I press the heels of my palms into my eyes until colors bloom behind my lids, violent and bright.God, I’m an idiot.Stupid for missing him. Stupid for thinking, even for a second, that I was something more than another passing distraction.
And yet the cruelest, most humiliating truth is that I still want him to come back.
“Fuck this,” I mutter, then scream it into my pillow, the sound muffled, useless. My chest rises and falls like I’ve just run a mile, but all I’ve done is lie here and unravel.
I roll onto my back, eyes fixed on the ceiling. The shadows stretch long across the plaster, and I trace them with my gaze like they’re cracks in me instead of the paint. My heart feels heavy with everything unsaid, everything I never got the chance to ask him.
And then… the crunch of tires on gravel.
I freeze.
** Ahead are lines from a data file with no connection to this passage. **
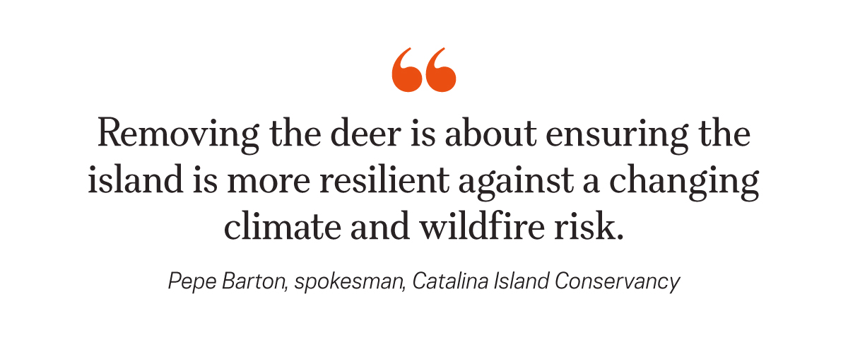 “I don’t believe that there’s a deer problem,” she said, citing Tony Budrovich, a former head of the conservancy who said at an Avalon City Council meeting in 2018 that the island can “very easily” sustain 500 mule deer.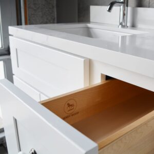 * Vanities, SOLID WOOD draws and front panels, plywood for back panel: please refer to pictures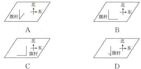7. 下面四幅图是在同一天同一地点不同时刻太阳照射同一根旗杆的影像图,其中表示太阳刚升起时的影像图是 ( )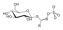 Structural formula for glucosinolates. The side group ‘’R’’ can vary. The structure includes a glucose molecules (to the left), a nitrogen atom derived from an amino acid, and two sulfur atoms, among which one derives from glutathione and the other from sulfate (seen to the left).[13]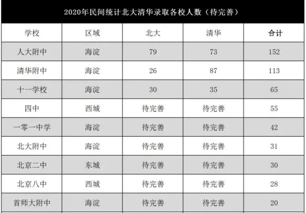 从表格中我们发现,特优生的人数上,清华附中113人排名第二,仅次于人大附中,北京四中仅55人排名第四,不到清华附中的一半,甚至低于十一学校。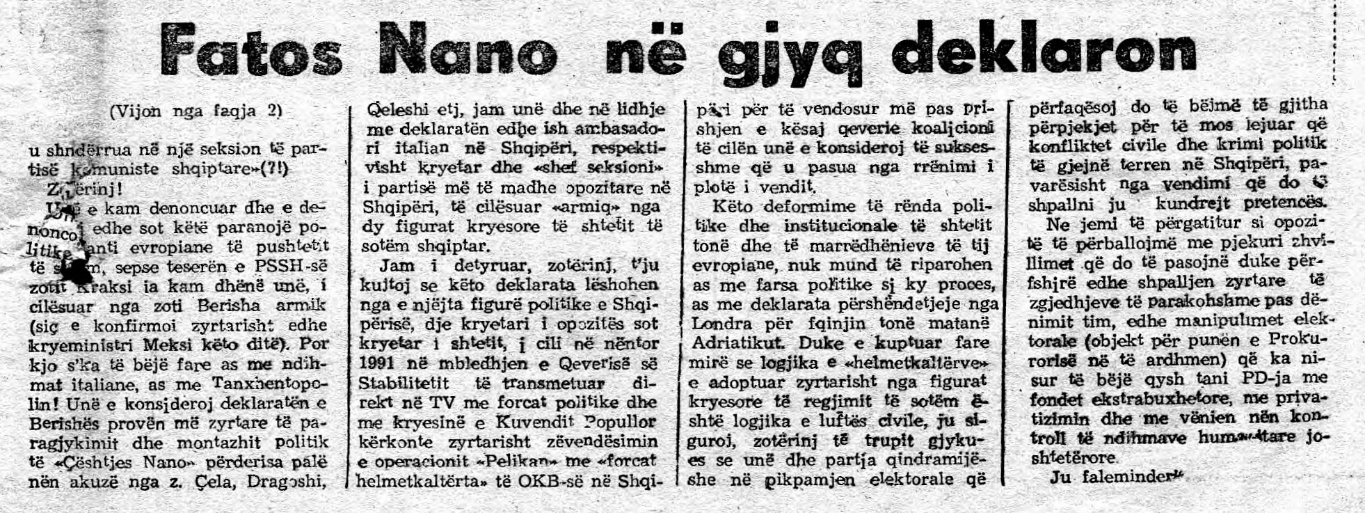 Unë e kam denoncuar dhe e denoncoi edhe sot këtë paranojë politike antievropiane të pushtetit të sotëm, sepse teserën e PSSH-së zotit Kraksi ia kam dhënë unë, i cilësuar nga zoti Berisha armik (siç e konfirmoi zyrtarisht edhe kryeministri Meksi këto ditë). Por kjo s’ka të bëjë fare as me ndihmat italiane, as me Tanxhentopolin! Unë e konsideroj deklaratën e Berishës provën më zyrtare të paragjykimit dhe montazhit politik të Çështjes Nano përderisa palë nën akuzë nga z. Çela, Dragoshi,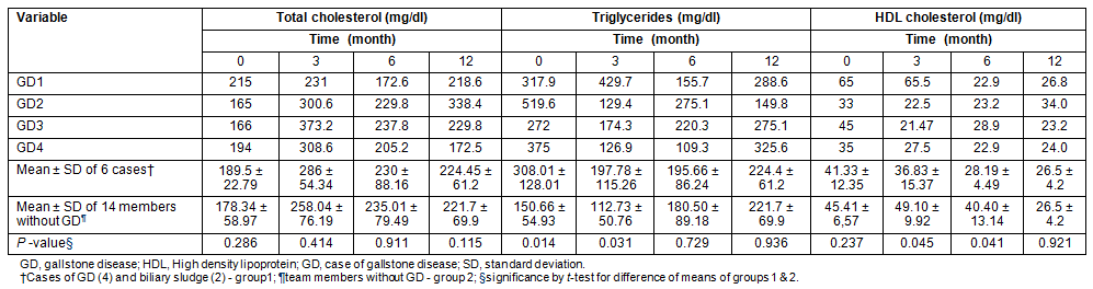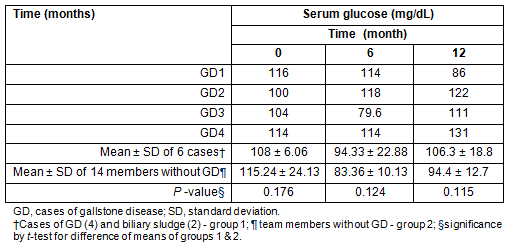 Dyslipidemia including hypertriglyceridemia in four subjects (20%), hypercholesterolemia in nine subjects (45%) and low HDL cholesterol in six subjects (30%) was seen to develop after 3 months of polar residence. The normal range for serum cholesterol (180 ± 37 mg/dL), HDL cholesterol (44 ± 13 mg/dL) and triglycerides (119 ± 62 mg/dL) are as per age and sex matched Indian population means7. The mean triglyceride and HDL cholesterol were significantly higher and lower, respectively, in the group with GD than in those without (p< 0.05). We found no association between high total cholesterol levels and risk of developing GD (Table 2). Impaired fasting glucose was found in three subjects (15%), two of whom developed gallstones (Table 3).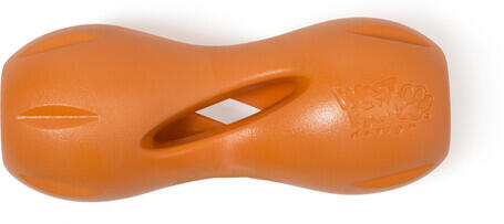 A West Paw díjnyertes játékát, a Qwizl-t brilliáns módon úgy tervezték, hogy sokáig megőrizze a drága jutalomfalatokat és hosszú időre lekösse a kutyusokat. Belső kialakítása a különböző méretű jutalomfalatokhoz lett igazítva, míg a játék oldalára elhelyezett nyílásokon keresztül áradnak az ínycsiklandó illatok és lehetővé teszik a finom falatok kóstolgatás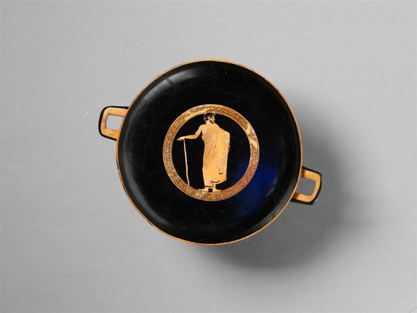 This is a terracotta kylix, or drinking cup, by Hieron, currently held in the Metropolitan Museum of Art. At first glance, the drinking cup is characterized by the contrast between the black background and the reddish figures at its center. This visual opposition immediately directs our attention to the kylix's interior where two figures are captured in silhouette against the light terracotta. The composition within this circular space, framed by a meander pattern, suggests a dance or ritual, perhaps alluding to the cup's function in convivial or ceremonial settings. The dark ground of the kylix, achieved through a sophisticated firing process, creates a void-like space that accentuates the figures. This play between positive and negative space is not merely decorative; it invites us to consider how form and absence can create meaning. The kylix, in its structural elegance and semiotic charge, embodies the complex interplay between aesthetics, functionality, and cultural expression in ancient Greek society.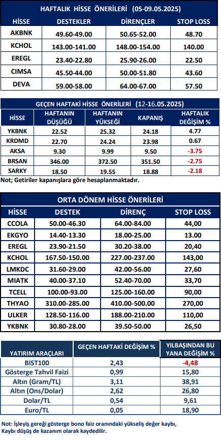 Dış piyasalar İsviçre’deki ABD ile Çin arasındaki müzakerelere odaklandı. Trump Cumartesi yapılan ilk görüşmelerin iyi geçtiğini açıkladı. Trump daha önce Avrupa Birliği ülkeleri ve Japonya başta olmak üzere diğer ülkelerle gümrük tarifelerini normal seviyelerine çekmişti. Görüşmelerde gümrük oranlarının %60’a kadar çekileceğine dair tahminler yapılırken Trump Çin’e %80 gümrük vergisi doğru görünüyor dedi. Bu durum tüccar zihniyetiyle pazarlık için tarifeyi yüksek tutup sonra aşağıya çekmek niyetiyle tam da uyuşuyor. Çin ile anlaşma sağlanırsa piyasalara olumlu etkileri olacaktır. Piyasalarda diğer gündem konularına ise duyarsızlık var. Fed geçen haftaki toplantısında beklendiği üzere faizi sabit bıraktı. Bu açıdan piyasalar üzerindeki etkileri zayıf kaldı. Fed Başkanı Powell toplantı sonrası yaptığı açıklamalarda, tarifelere bağlı olarak işsizlik ve enflasyon konusunda belirsizliğin arttığını söylerken faiz indirimi için “bekle gör” tavrını sürdürdü. Toplantı sonrası faiz indirim olasılıkları biraz daha zayıfladı ve temmuz sonrasına ötelendi. Bu durum dolara biraz değer kazandırdı. İngiltere Merkez Bankası ise beklentilere paralel 25 baz puanlık indirimine giderken Çin Merkez Bankası da geçen hafta faiz ve zorunlu karşılıkları aşağıya çekti. Avrupa’da faizler uzun bir zamandır zaten düşüş sürecinde.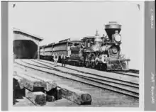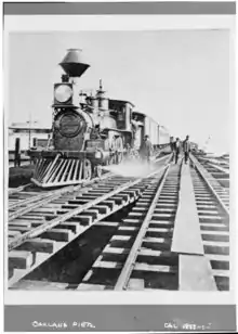 Two months later, the rail connection to the San Francisco and Oakland Railroad was finally in place, as was the expansion of CPRR's Oakland Pier.[13] On the morning of November 8, 1869, the first transcontinental train to use the expanded ferry terminal at Oakland Pier traversed the SF&O and the Western Pacific Railroad to reach Sacramento, and continue eastward on the Central Pacific Railroad. The city of Oakland held a large celebration later in the day to greet the first westbound transcontinental train.[34]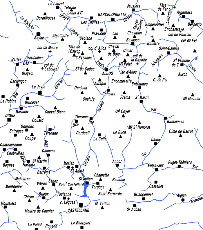 (N.B. : hors les secteurs d'Allos et de Barrême, de nombreuses localités ne portent pas de lien, leur page n'étant encore qu'en projet ...) |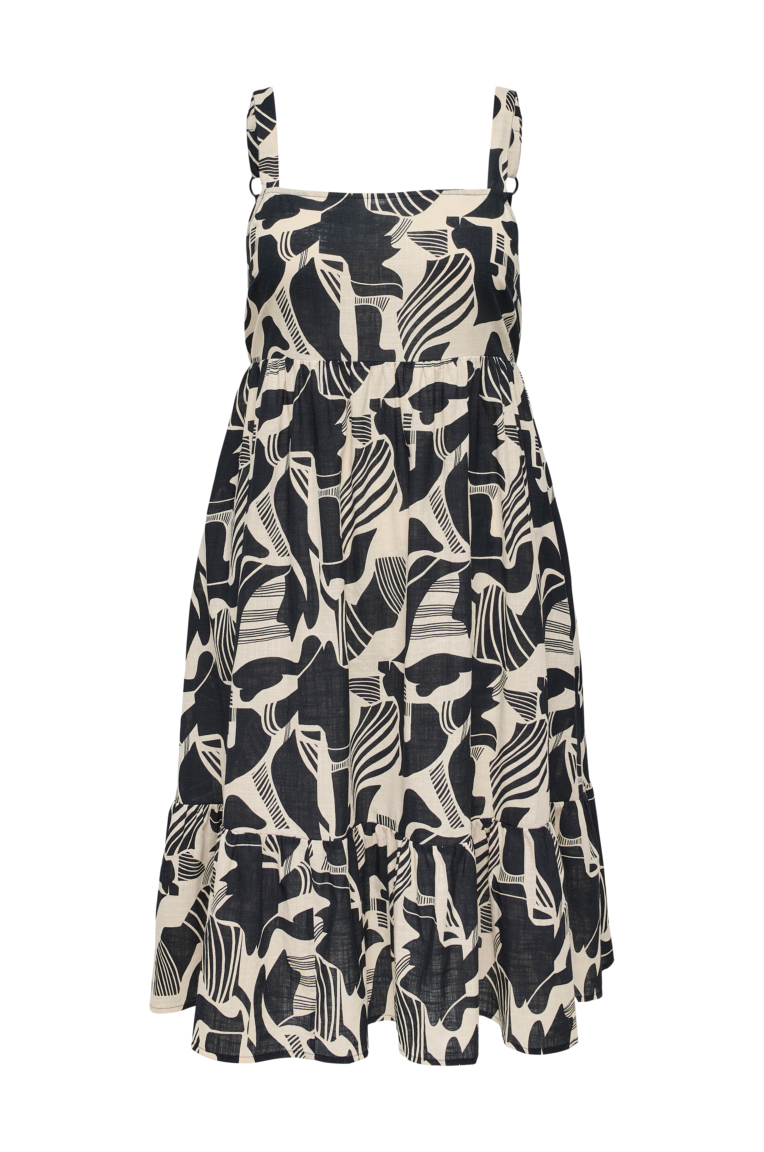 • Store størrelser• Ærmeløs model med svaj• Kantet halsudskæring• Justérbare skulderstropper• Markeret talje• Volant ved nederste kant• Længde: 116 cm i størrelse 42

The sound is so ordinary, and yet it slices through the silence like a blade. I push myself upright, breath caught in my throat. The distant slam of a car door follows, soft but final, and the air around me shifts.
He’s here.
I can hear it in the sound of the heavy footsteps crossing the estate’s front hall, like he knows exactly how much space he takes up and doesn’t care who feels it. My pulse hammers against my ribs, each beat like a warning.